Approaching the day I felt a range of emotions. You could say a tranquil excitement. There was no fear. I maintained an inner confidence and believed however the day went – I’d ‘made it’ regardless. I had more than enough time to comprehend well in advance what I was going to do. There was no need to reflect negatively because today, finally, I could take a prolonged period of hardship and use it positively to try and help others.
I delivered a speech on my experiences of living with mental illness
Back in early 2014, talking changed my life for the better. After a heartfelt recollection of events from a gentleman documenting his depression and how he overcame it, it was my turn next to speak. There were three of us speaking individually. I felt like the culmination of years lead up to this Wednesday afternoon.
I’m Rikki, I’m 23 and I live Portsmouth, where I have worked for the University of Portsmouth’s Sport & Recreation department for the past five years. Like 25% of us, my life has been affected by mental illness in recent years. On that day in February, I took up a fantastic opportunity given to me. As part of a University-wide event held for its students and staff, as well as having Time To Change Champions and University doctors in attendance, I delivered a speech on my experiences of living with mental illness. As a result of talking, I was left with an initial indescribable feeling. To me, this event signified I could move on and attempt a good thing at the same time.
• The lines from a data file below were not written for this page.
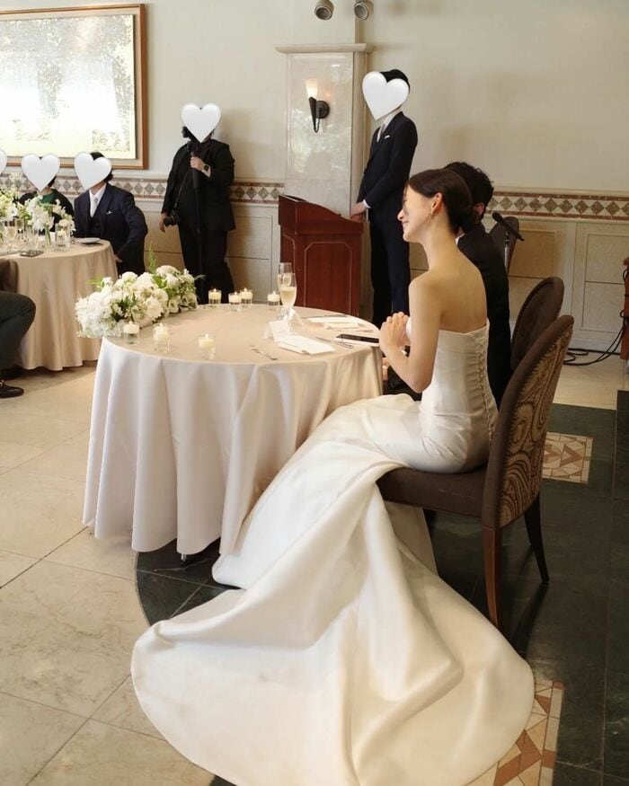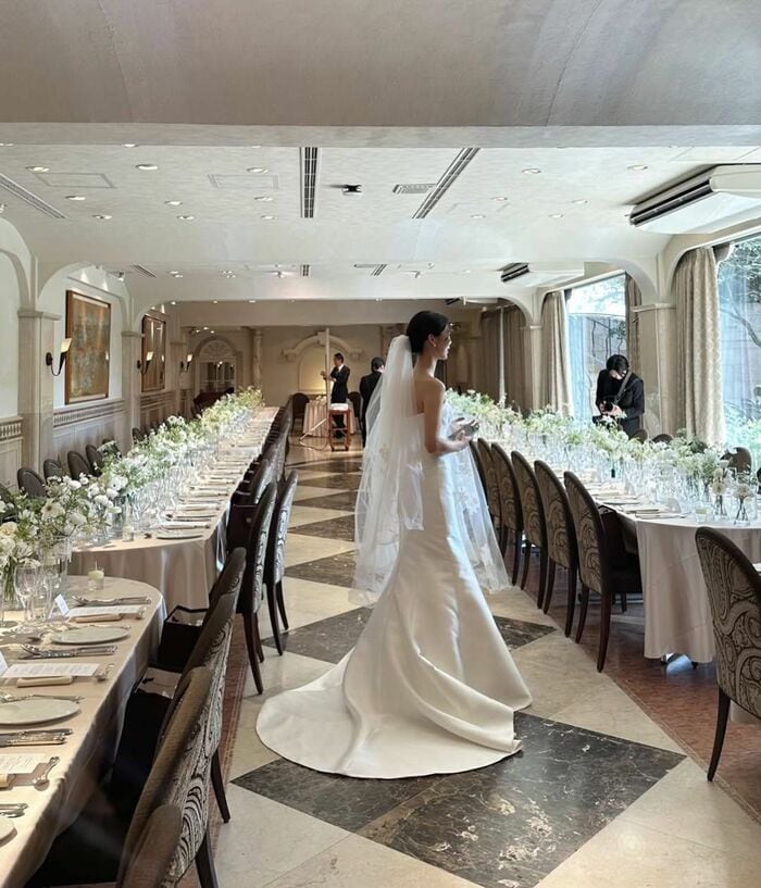 他にも準備が整った披露宴会場を見て感動しているというショットも公開。憧れていたという縦長のテーブルにはたくさんの白い花が飾られていました。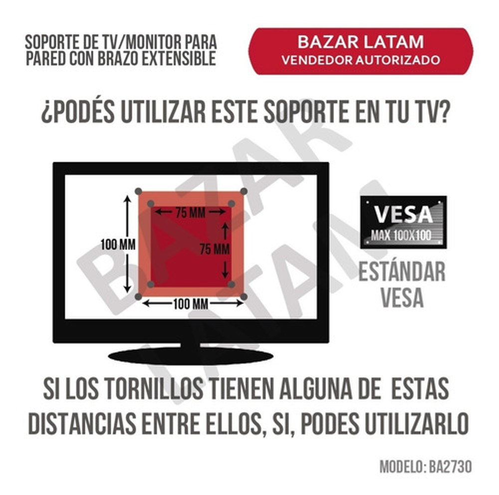 Estándar vesa de 100 x 100 más medida de 75 x 75.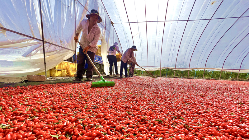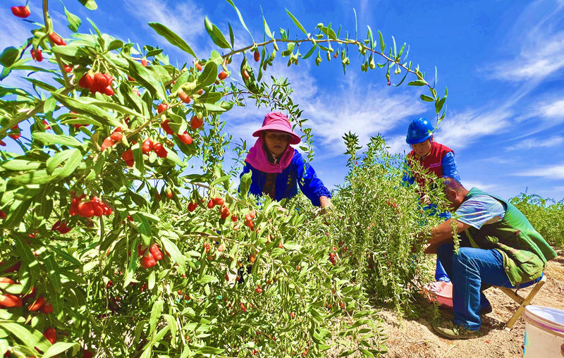 - “枸杞產(chǎn)業(yè)綠了盆地、紅了產(chǎn)業(yè)、富了百姓,走出了一條生態(tài)友好、綠色低碳、特色鮮明的高質(zhì)量發(fā)展之路,取得了顯著的生態(tài)、經(jīng)濟(jì)和社會效益?!毕哪┣锍?,祖國聚寶盆——柴達(dá)木盆地“豐”景獨(dú)好,枸杞紅滿枝頭,種植戶忙采摘?!?/a>

I wanted to make the most of an opportunity to provide hope that recovery is possible
In early February I received an all-staff email at work. A lady working with student well being was promoting an upcoming University-wide Mental Health & Well being day, appealing for contributions in the way of creative writing, artwork and volunteers for the day. I re-read the email a few times and thought okay – this is it. Thoughts sent ideas racing around my head. I barely slept that night actually. I’ve always wanted to try and reduce the stigma attached with mental illness but have never had the platform before. I got in touch and after attending meetings with different University staff, alongside the support to speak from my department, it was all set. The day was here: I’d share my experiences holding nothing back. I could be a part of something positive that could encourage others to discuss mental health more openly, an opportunity to provide hope that recovery is possible. For that reason I never wanted to back out.
There's no real triumph without hardship
Rewinding a few years to my early adolescence, you’d have met an entirely different person. Until I was around 20, anxiety consumed my life for what seemed like forever. I never thought it’d go away. At its worst, I took nine months off work and barely left the house. I became a recluse. If I tried to go out and socialise or do anything - even food shopping, I’d be hit with intense symptoms. The profuse sweating was overwhelming and I’d feel faint. Any day I wasn’t physically sick was a good one. Even with a positive mindset, this broke me down. It was demoralising and at times I had little to no hope. Avoidance didn’t help the anxiety and it got worse and worse.
When I was 19, I tried to take my own life. Reaching an uncomfortably familiar low again at age 21, I spent three weeks on a psychiatric unit after voluntarily being admitted to hospital. I believe there’s no real triumph without hardship. I’m writing this blog having made a full recovery and I’m happier than ever.
People are more understanding than you may initially think
Standing front and centre in the room, absorbing the anticipation and tension from the audience, I began to talk. Having received encouragement from colleagues who helped me to practise, there was little anxiety. My goal was to tell my story of struggle and eventual triumph in an honest, open way, focusing on the raw events of what got me from A to C, without leaving out ‘B’, all in 8-10 minutes. As the minutes went on, an element of peace filled the room. I left nothing out. Time went quickly and despite a bit of a dry mouth, it couldn’t have gone better. A weight had been lifted off of my shoulders. It was a feeling of reinstated freedom being found again after being overwhelmed by mental illness, met with a desire to move on. People are more understanding than you may initially think. An overwhelmingly positive reception closed a 10 minute summary of a life I’ve finally left behind.